Im Nachgang der Sitzung der Arbeitsgruppe im Bundeskanzleramt zur Einführung einer Grundrente sagt der Landesvorsitzende der Thüringer SPD, Wolfgang Tiefensee: “Wir sind ein gutes Stück vorangekommen. Für uns Sozialdemokraten war und ist entscheidend, dass deutlich mehr Menschen, als die von der CDU vorgesehenen nur rund 150.000 bundesweit, eine Grundrente erhalten. Wir sollten den nun diskutierten Weg einer vereinfachten Einkommensprüfung auf Basis der bereits vorliegenden Steuerdaten verbunden mit einem vernünftigen Freibetrag und der Nichtanrechnung von Erspartem und Wohneigentum konsequent weitergehen. Die Frisörin, der Handwerksgeselle, die Facharbeiterin, die für einen viel zu geringen Lohn hart gearbeitet haben, dürfen nicht in die Grundsicherung fallen. Die habe ich im Blick, wenn ich für die Aufwertung ihrer Rentenpunkte kämpfe. Die Menschen in Ostdeutschland – aber nicht nur hier – haben die Anerkennung ihrer Lebensleistung verdient. Ich erwarte nun von der Union, dass sie sich bewegt und nicht auf Zeit spielt.“

Zum Hintergrund sagt Tiefensee: “Die Grundrente ist für Thüringen und alle ostdeutschen Länder so wichtig, weil sich hier die Erwerbsbiografien vor allem aufgrund der wirtschaftlichen Umbruchsjahre gravierend von denen in den westlichen Bundesländern unterscheiden. Große Teile der Bevölkerung haben in den 1990er Jahren ihren Arbeitsplatz verloren, mussten umschulen und sich völlig neu beruflich orientieren.

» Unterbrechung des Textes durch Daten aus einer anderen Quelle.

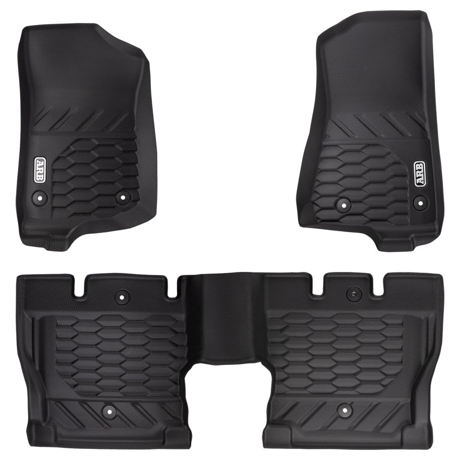 ARB FLOOR MATS Designed by ARB with an engineered 2-stage floor protection system that captures dirt, debris and water. The designated catchment areas in the floor mat is designed to capture any foreign material which provides complete protection to your vehicles floor. The second stage provides drainage channels which directs moisture to an additional catchment zone thereby preventing slippage while driving.Features & Benefits:• Vehicle and model specific• 100% waterproof and simple to clean• 3D moulded to each vehicle for a perfect fit every time• Made from thermoplastic elastomers that provide all the benefits of rubber without the odour• Two-stage design for secure foot placement, reduced spillage and complete protection• Unique surface texture designed and moulded for a secure grip over the entire surface• Seamless edging to integrate with vehicle's interior• OEM-compatible safety retention clips• Engineered debris channels that disburse material towards catchment zones• Includes one driver mat, one passenger mat and a full single rear mat CLEANINGARB Floor Mats are 100% waterproof and are designed to capture all kinds of debris from sand and dirt to mud and snow. The moulded deep dish design can be easily cleaned. Simply wipe or hose off any debris, dry and then place back in the vehicle ready for the next adventure.
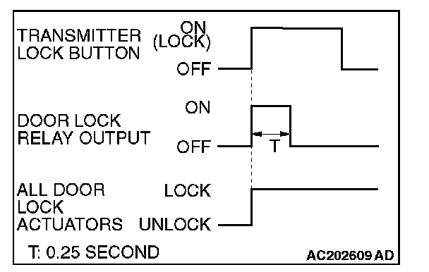 When the transmitter lock button is pressed, the ETACS-ECU energizes its door lock relay to operate all the door lock actuators for 0.25 second thus causing all doors to be locked.
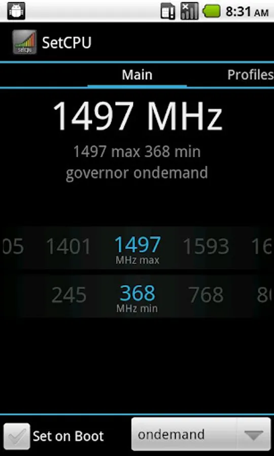 SetCPU's wide feature set make it useful to Android beginners and enthusiasts alike. Accelerate your processor to unleash your phone's true multitasking potential, or dial your CPU's speed down to save battery.
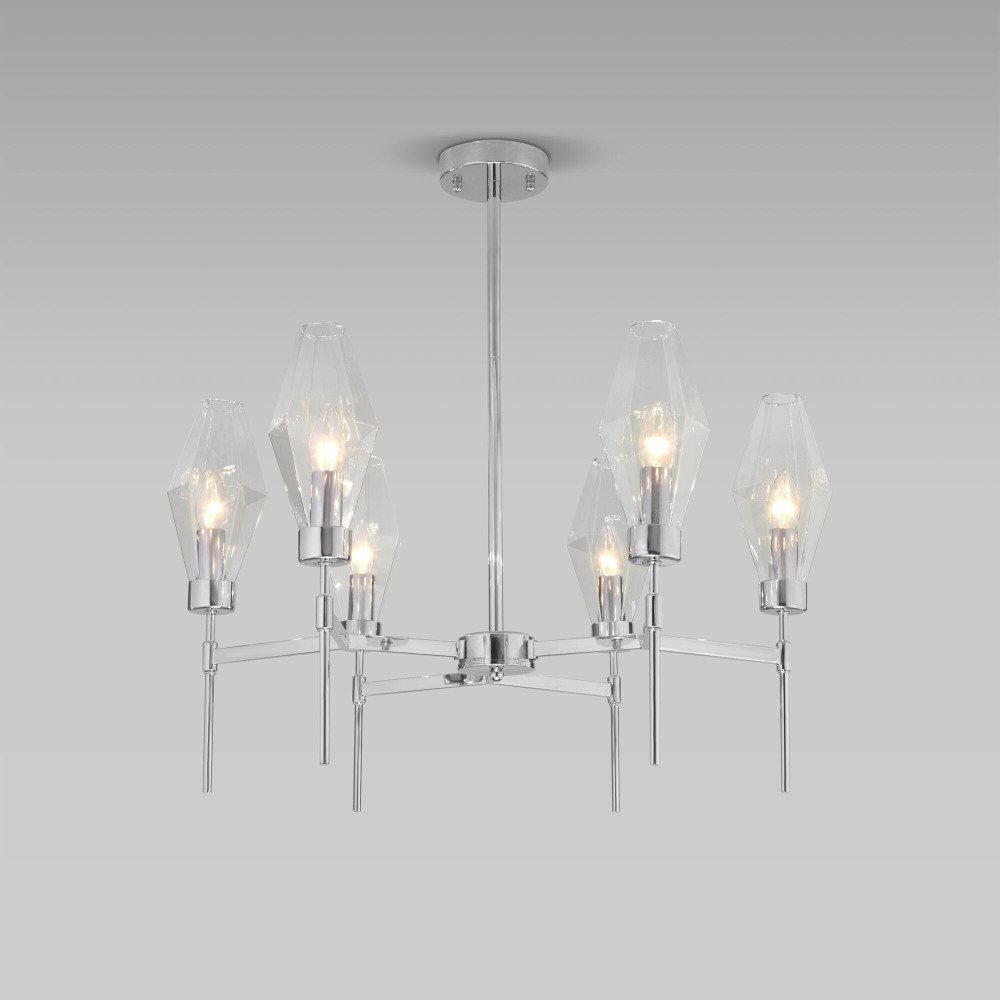 Потолочная люстра Prism 60143/6 хром – элегантная модель от признанного во всем мире производителя Eurosvet. – экономичное и безопасное решение для квартиры или частного дома, офисных учреждений и зданий. Светильник потребляет мало электроэнергии, светит ярко и не мерцает. Прекрасно подойдет в практически любой интерьер. Перед покупкой досконально изучите: описание, фото, характеристики, отзывы покупателей и сертификаты. Модель относится к категории «Люстры на штанге». Подойдет для гостиной и коридора, но также отлично будет смотреться и в других комнатах или служебных помещениях. Можно устанавливать светильник как на обычном, так и на натяжном потолке. Подходит для помещений, как с высокими, так и с низкими потолками. В интернет-магазине «LUMARKT» продается по недорогой цене 18400 руб. с бесплатной доставкой по Москве.
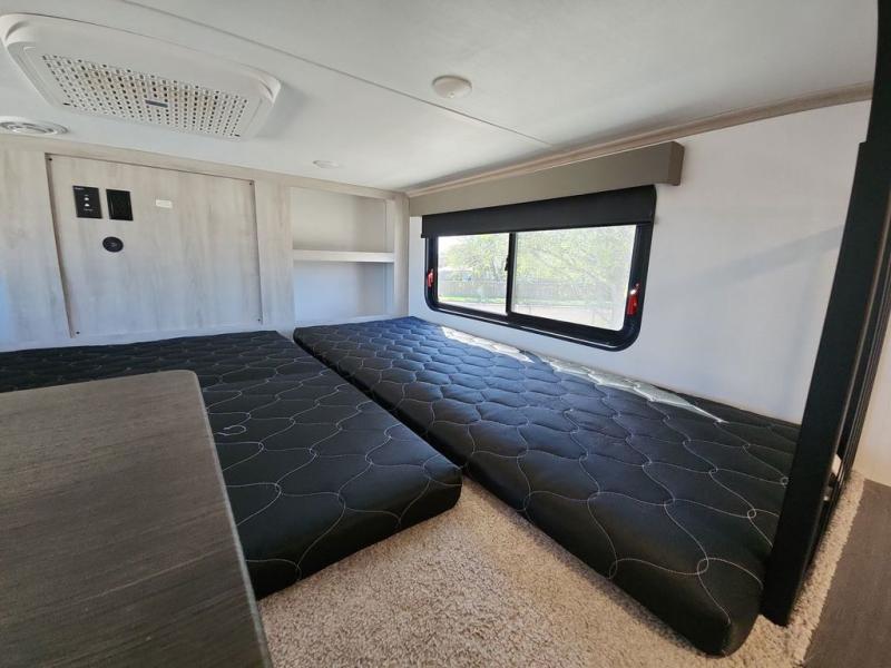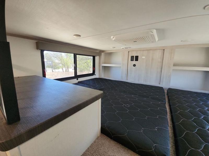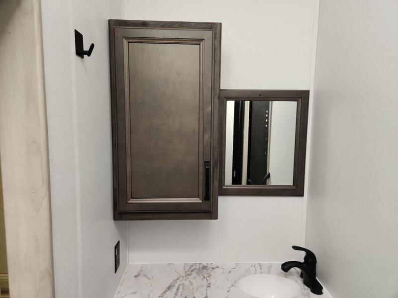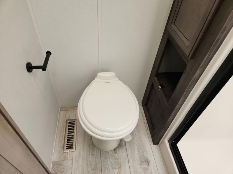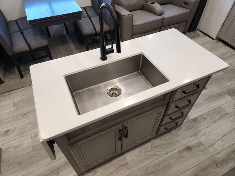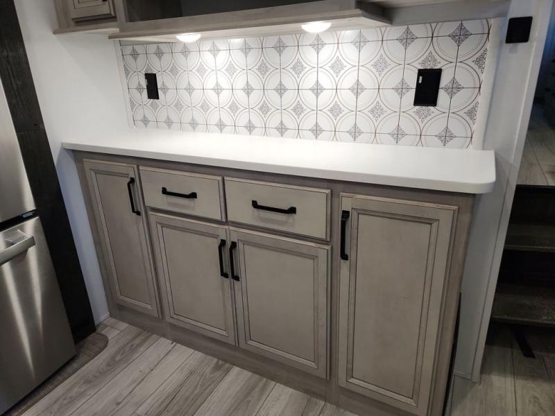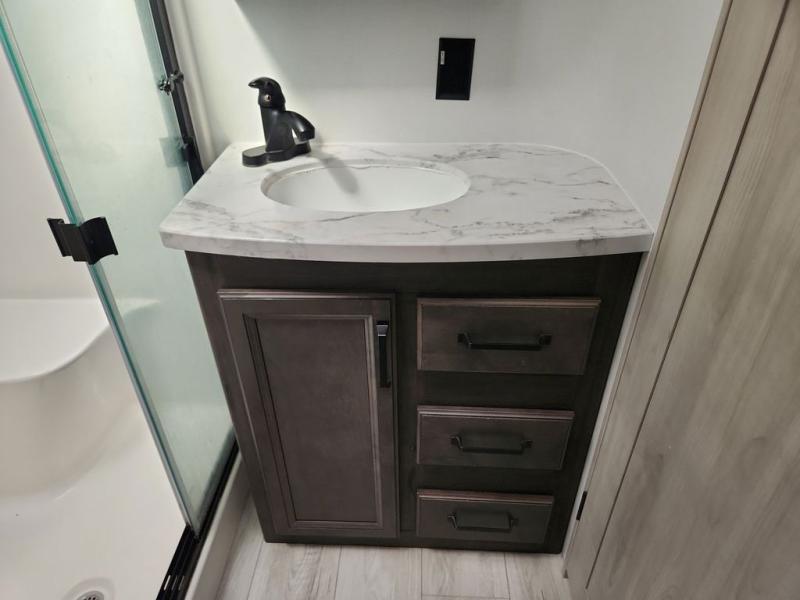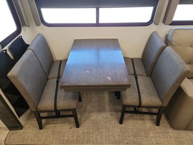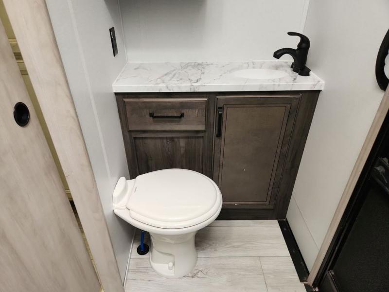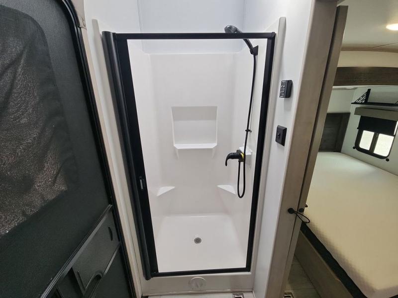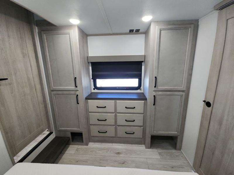 Two full bathrooms and two private bedrooms make this fifth wheel perfect for camping with friends and family. The front bedroom includes a king bed with a queen bed option, a large front wardrobe, plus stackable washer and dryer prep. The rear master bedroom has two closets plus a dresser and underbed storage, plus its own full bath with an exterior entry door for convenience. There is even a loft above the rear bedroom for even more sleeping space! Everyone can meet in the main living area/kitchen to relax on the power theater seat as the chef cooks dinner, and you can watch a show on the Smart HDTV to pass the time. The kitchen island will provide more counter space, along with the hutch that includes overhead cabinets as well. Don't let this luxury fifth wheel slip away!
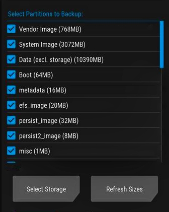 - Take a full Nandroid backup of your device from TWRP, this includes EFS, Persist, FSG, Firmware, Modem, Bluetooth & DSP partitions
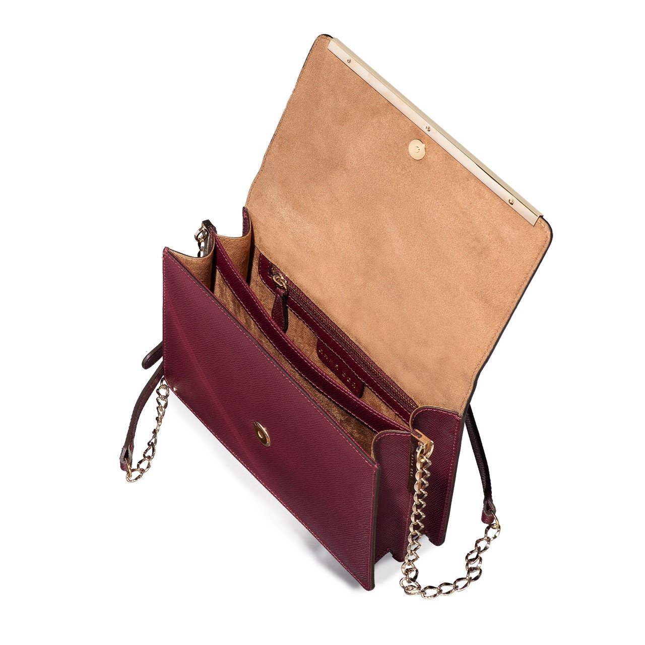 Geanta dama de umar din piele saffiano, cu detaliu metalic pe partea superioara.
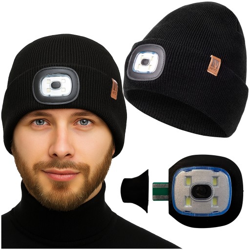 CZAPKA MĘSKA ZIMOWA ROBOCZA Z LATARKĄ LED WYWIJANA DWUWARSTWOWA SPORTOWA
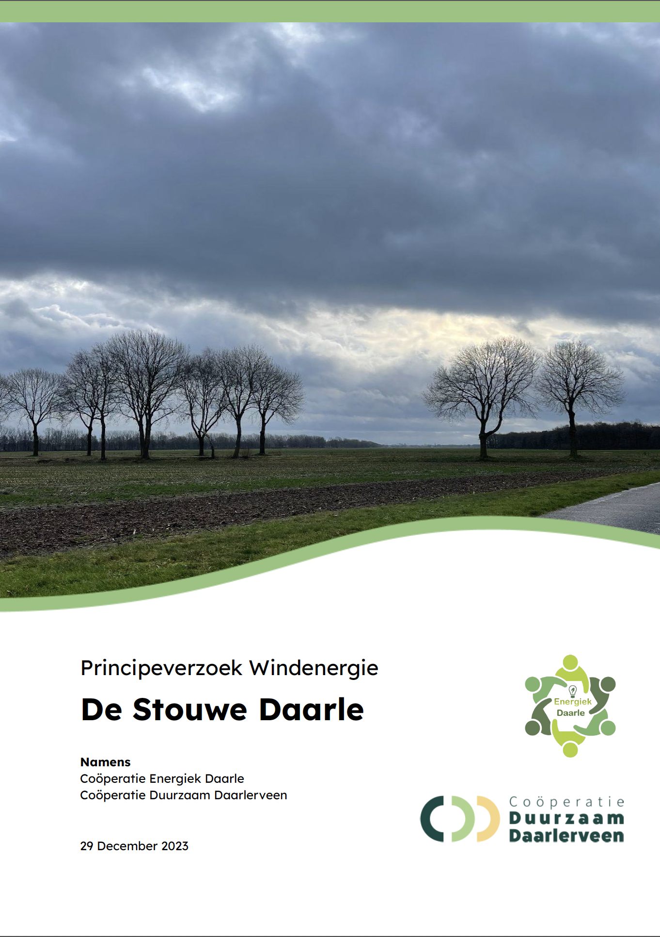 De energiecoöperaties van Daarle en Daarlerveen hebben gezamenlijk een principeverzoek ingediend bij de provincie Overijssel voor de bouw van windmolens in de gemeente Hellendoorn. “De komst van windmolens lijkt onvermijdbaar, dan maar beter in eigen beheer met 100% lokaal eigendom”, aldus de coöperaties.
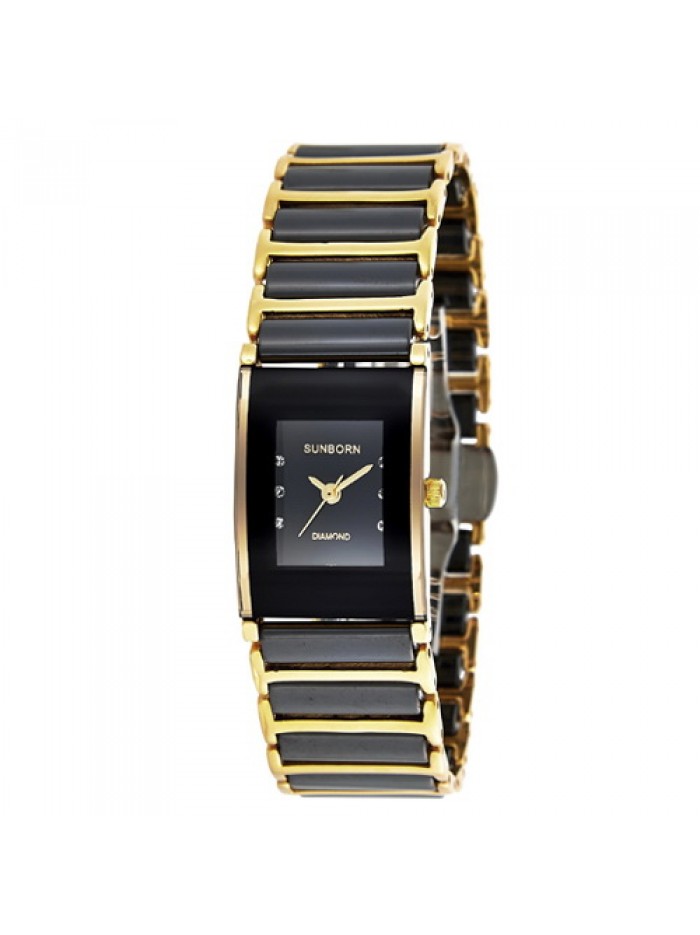 Ladies 2-tone black ceramic watch with stainless steel case with Swarovski crystal markers on dial

Das ist eine unglaubliche Leistung, die viele da erbracht haben. Dazu kam, dass viele auch gering bezahlte Tätigkeiten unterhalb ihrer Qualifikation übernommen haben und sich in prekären Beschäftigungsverhältnissen durchschlagen mussten. Ich habe höchsten Respekt vor diesen Lebensleistungen. Deshalb erwarte ich, dass sich dies auch in der Rente dieser Menschen ausdrückt. Das ist eine Frage des Respekts.”